In Jonah, Nineveh is always called the “Great City” and remember that Jonah tells us “Nineveh was an exceeding great city of three days' journey.” But here in Nahum, the total destruction of this city is just matter-of-fact. Judgment of Assyria wasn’t some kind of “challenge” for God.

Chapter 2 describes the fall of Nineveh, and let’s go to chapter 3.

Chapter 3

1 Woe to the bloody city! it is all full of lies and robbery; the prey departeth not;

This describes the internal condition of Nineveh. It’s not like the city was a decent place that was just cruel to outsiders, they were awful inside and out. Doesn’t this describe America today? Full of lies, full of fake news. Robbery and crime. Justice isn’t served and evil is called good and good is called evil.

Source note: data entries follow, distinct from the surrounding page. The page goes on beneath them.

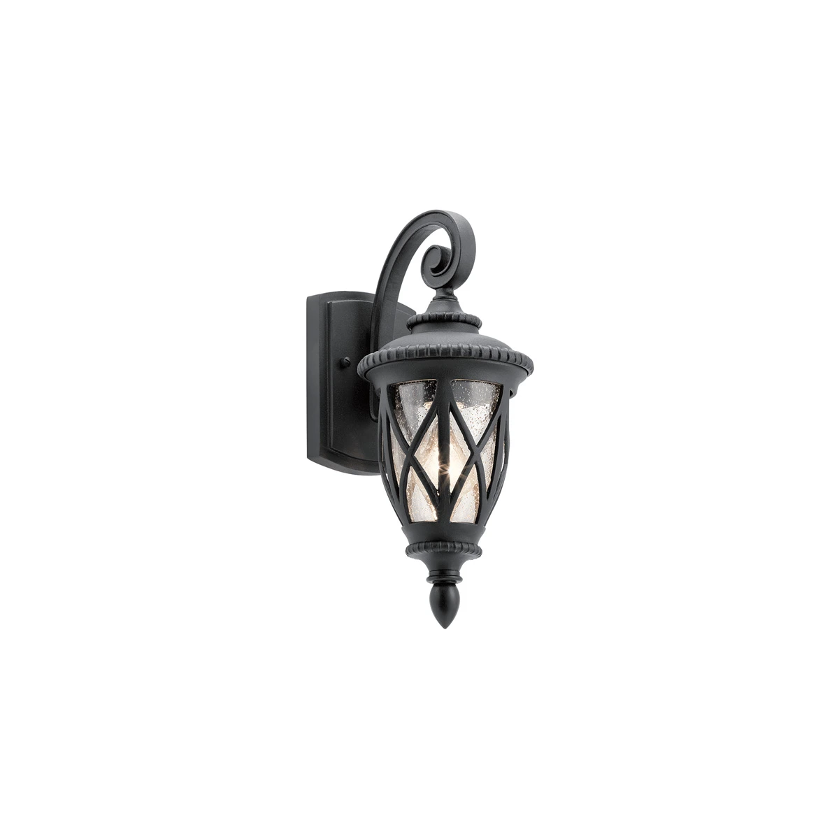 Настенный фонарь Elstead Lighting KL-ADMIRALS-COVE-S. Вдохновлённ классическим стилем тюдоров, светильник сочетает строгость деталей с современным подходом к исполнению. Светильник из композитного материала легко выдерживает агрессивные внешние воздействия, например, брызги морской воды и ультрафиолетовые лучи, сохраняя долговечность отделки. Прозрачное фактурное стекло усиливает винтажный акцент. Основание в отделке - Черный. Идеально подойдет для уличного освещения, степень защиты IP44.
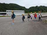雨の中でも楽しく次のチェックポイントを目指します。 山田公民館でもスマイルおやつ...
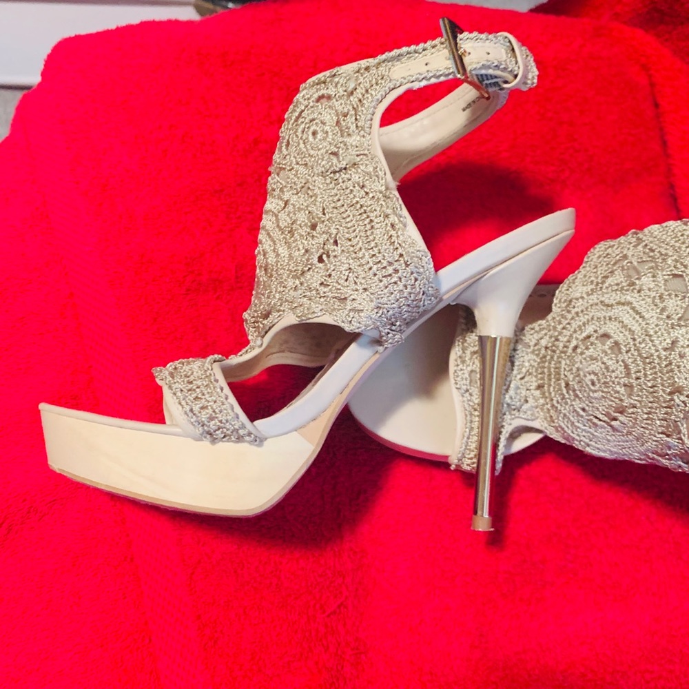 These breathless 5 inch heels are outstanding the material is intricate embroidery a definite a conversation starter

J. Vernon McGee said that Nahum is talking about Assyria but it also sounds like he’s describing the condition of the United States. Dr. McGee died in 1988. What do you think he’d say about the year 2020!

2 The noise of a whip, and the noise of the rattling of the wheels, and of the pransing horses, and of the jumping chariots.

3 The horseman lifteth up both the bright sword and the glittering spear: and there is a multitude of slain, and a great number of carcases; and there is none end of their corpses; they stumble upon their corpses:

4 Because of the multitude of the whoredoms of the wellfavoured harlot, the mistress of witchcrafts, that selleth nations through her whoredoms, and families through her witchcrafts.

5 Behold, I am against thee, saith the Lord of hosts; and I will discover thy skirts upon thy face, and I will shew the nations thy nakedness, and the kingdoms thy shame.

That God is against them here in this verse reminds me of Ezra 8:22 which says in part, “The hand of our God is upon all them for good that seek him; but his power and his wrath is against all them that forsake him.”

And that’s really what we see in this book of Nahum that God’s judgment of sin is complete, but also we know that His love is perfect. We should have a pretty easy choice in front of us right??

Usually when people go to church they just want to be left with that warm fuzzy feeling about God’s love for them, but we shouldn’t think that God’s love for us means He loves everything we do. God’s love is not “permissive” and He will disciple those He loves to correct them.

Let’s read Romans 6:14-18. Because we are under grace, doesn’t mean God wants us to abuse that grace by sinning. When we read in Nahum about God’s wrath against this sinful nation, we shouldn’t think that God is cool with sin now. A life of sin isn’t a good life anyway. Abundant life is following Jesus Christ! Amen?

And finally, 1 Peter 2:16 says, “As free, and not using your liberty for a cloke of maliciousness, but as the servants of God.” We should use our freedom to serve God.